(Your instructions): The whole listing, pictures aside, should be reproduced exactly.

═══ Supplied information

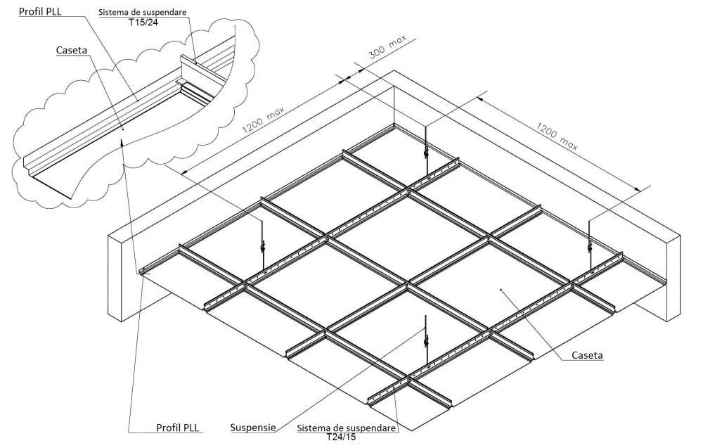 Tavanele casetate sunt compuse dintr-un sistem de suporturi (tije) fixate de tavan. La rândul lor, de tije sunt fixate ghidajele (longitudinale și transversale), care formează celulele carcasei de susținere și asigură rigiditatea întregii construcții. Casetele decorative din aluminiu se instalează în celulele carcasei.
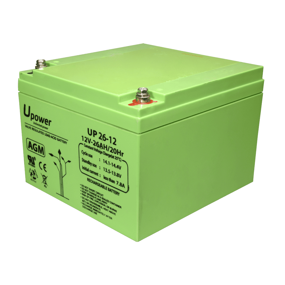 Upower – Bateria recarregável – Tecnología chumbo ácido AGM – Tensão 12 V – Capacidade 26.0 Ah – 125 x 166.5 x 175 / 8440 g – Para backup ou utilização directa
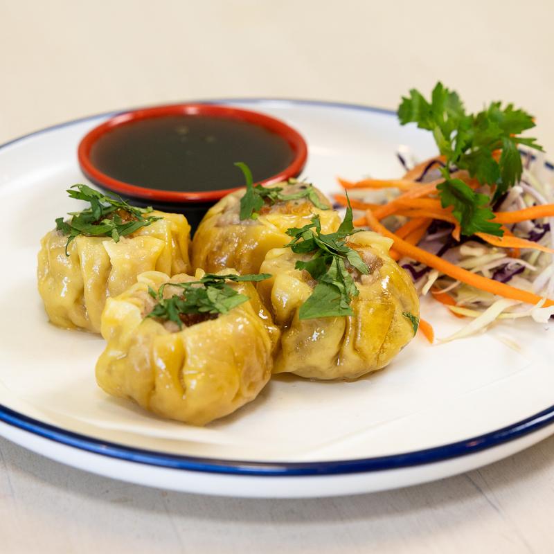 (Kanom Jeeb) Thai-style dumplings stuffed with minced pork, chicken, shrimp, onions and topped with toasted garlic and cilantro
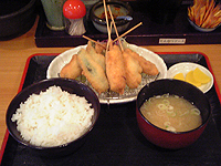 揚げたての串が5本!そしてご飯に味噌汁にお漬物!!

══════

(Written reply):
 Tavanele casetate sunt compuse dintr-un sistem de suporturi (tije) fixate de tavan. La rândul lor, de tije sunt fixate ghidajele (longitudinale și transversale), care formează celulele carcasei de susținere și asigură rigiditatea întregii construcții. Casetele decorative din aluminiu se instalează în celulele carcasei.
 Upower – Bateria recarregável – Tecnología chumbo ácido AGM – Tensão 12 V – Capacidade 26.0 Ah – 125 x 166.5 x 175 / 8440 g – Para backup ou utilização directa
 (Kanom Jeeb) Thai-style dumplings stuffed with minced pork, chicken, shrimp, onions and topped with toasted garlic and cilantro
 揚げたての串が5本!そしてご飯に味噌汁にお漬物!!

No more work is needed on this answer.